(Records provided begins)
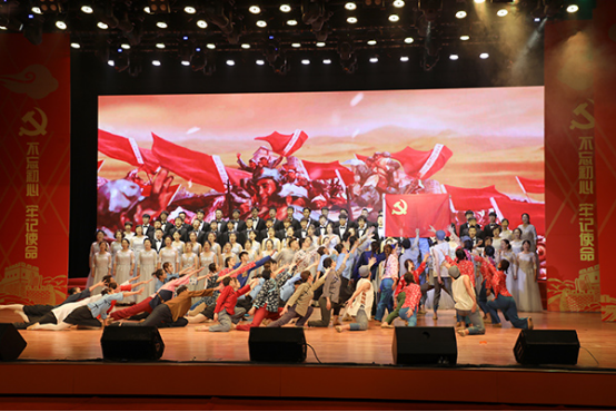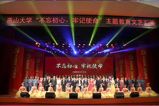 The performance was divided into threesessions. The first chapter focused on the establishment of the initial mission and a new era for the Chinese nation. The songs reviewed the development and the growth of the Party from itsfounding in years of revolutionary struggle. The second chapter concentrated on how we held the initial mission firmly in mind and made miraculous development. The performances showed the glorious course of China from the revolution to the reform and opening up, and to the new era of socialist construction. The third chapter reflected that we should uphold the original mission and thus realize the Chinese Dream of the great rejuvenation. The songs expressed the longing for abetter life of YSU teachers and students and the love for the motherland. Love, sing the great achievements of the motherland’s construction since the 18thNational Congress of CPC, showing our determination to realize the great rejuvenation of the Chinese nation.
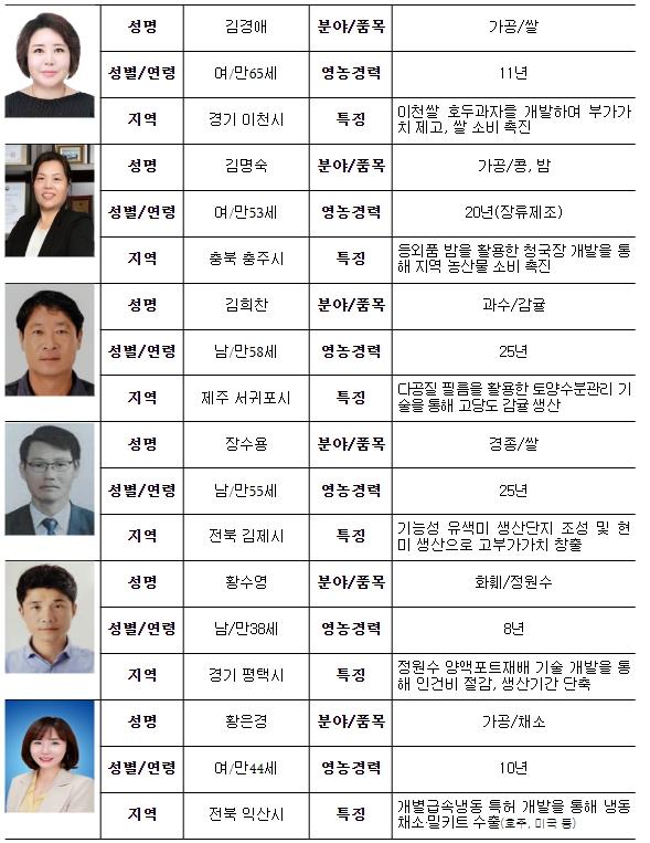 [중앙뉴스라인, 우제헌기자] 농림축산식품부는 농업·농촌의 변화와 혁신을 주도하는 ‘신지식농업인’ 6명을 선정·발표했다.
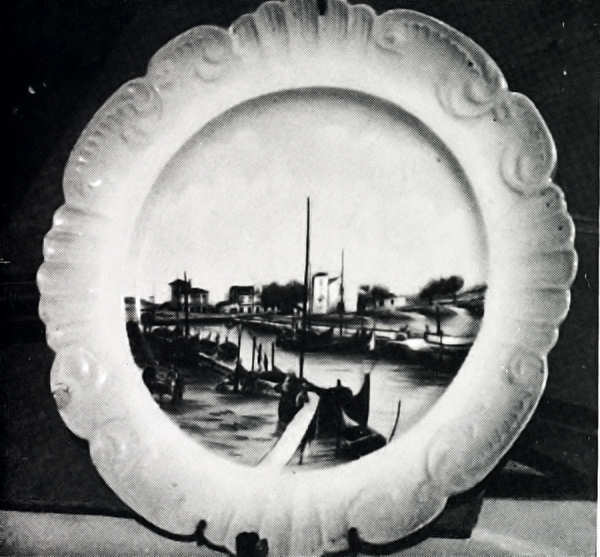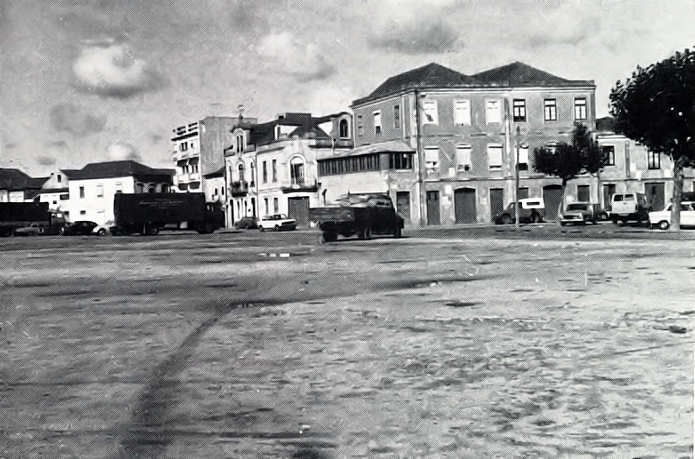 Vista parcial do Rossio, em fins do século passado, após o aterro da marinha de sal Rossia, que antes existira no mesmo local. (Reprodução de pintura da época em fundo de prato ornamental).
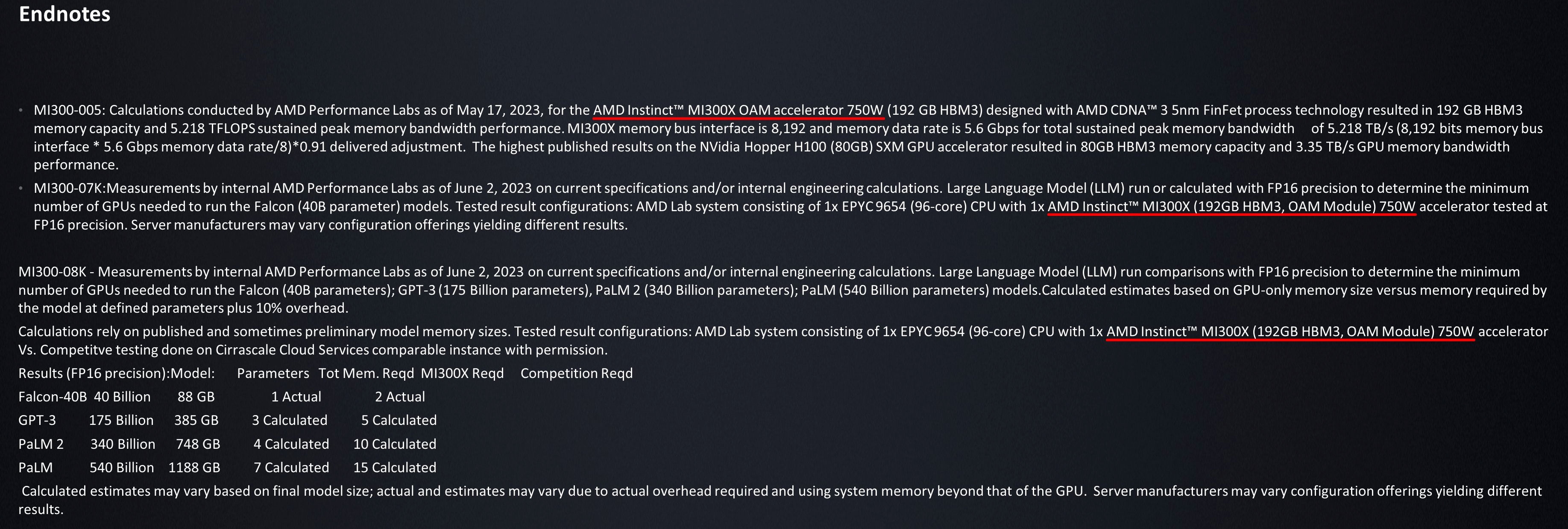 根据AMD官方材料的备注信息,可以看到MI300X的功耗达到了惊人的750W!
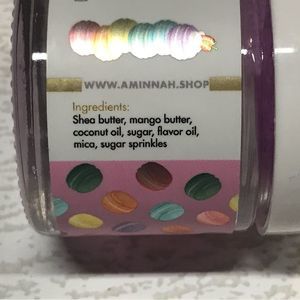 Shea butter, mango butter, coconut oil, mica, sugar, flavor oil, sugar sprinkles.
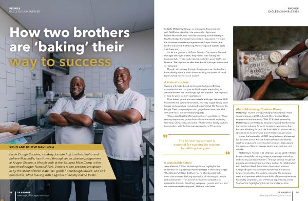 In 2020, Motsamayi Group, co-managing Kruger Station with SANParks, identified the potential in Sipho and Believe Mavundla, who had been running a small bakery in Bushbuckridge but lacked resources for expansion. Through the business incubation programme at Kruger Station, the brothers received the training, mentorship and tools to scale their business.
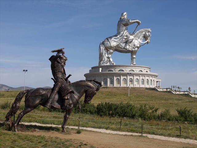 Bild 6: In welchem Jahr begann die Regierungszeit des auf der hinteren, größeren Statue dargestellten Herrschers?
(Records provided ends)
• **What you should do**: Once the pictures are set aside, copy the remaining text of every entry exactly.

• **Finished exercise**:
 The performance was divided into threesessions. The first chapter focused on the establishment of the initial mission and a new era for the Chinese nation. The songs reviewed the development and the growth of the Party from itsfounding in years of revolutionary struggle. The second chapter concentrated on how we held the initial mission firmly in mind and made miraculous development. The performances showed the glorious course of China from the revolution to the reform and opening up, and to the new era of socialist construction. The third chapter reflected that we should uphold the original mission and thus realize the Chinese Dream of the great rejuvenation. The songs expressed the longing for abetter life of YSU teachers and students and the love for the motherland. Love, sing the great achievements of the motherland’s construction since the 18thNational Congress of CPC, showing our determination to realize the great rejuvenation of the Chinese nation.
 [중앙뉴스라인, 우제헌기자] 농림축산식품부는 농업·농촌의 변화와 혁신을 주도하는 ‘신지식농업인’ 6명을 선정·발표했다.
 Vista parcial do Rossio, em fins do século passado, após o aterro da marinha de sal Rossia, que antes existira no mesmo local. (Reprodução de pintura da época em fundo de prato ornamental).
 根据AMD官方材料的备注信息,可以看到MI300X的功耗达到了惊人的750W!
 Shea butter, mango butter, coconut oil, mica, sugar, flavor oil, sugar sprinkles.
 In 2020, Motsamayi Group, co-managing Kruger Station with SANParks, identified the potential in Sipho and Believe Mavundla, who had been running a small bakery in Bushbuckridge but lacked resources for expansion. Through the business incubation programme at Kruger Station, the brothers received the training, mentorship and tools to scale their business.
 Bild 6: In welchem Jahr begann die Regierungszeit des auf der hinteren, größeren Statue dargestellten Herrschers?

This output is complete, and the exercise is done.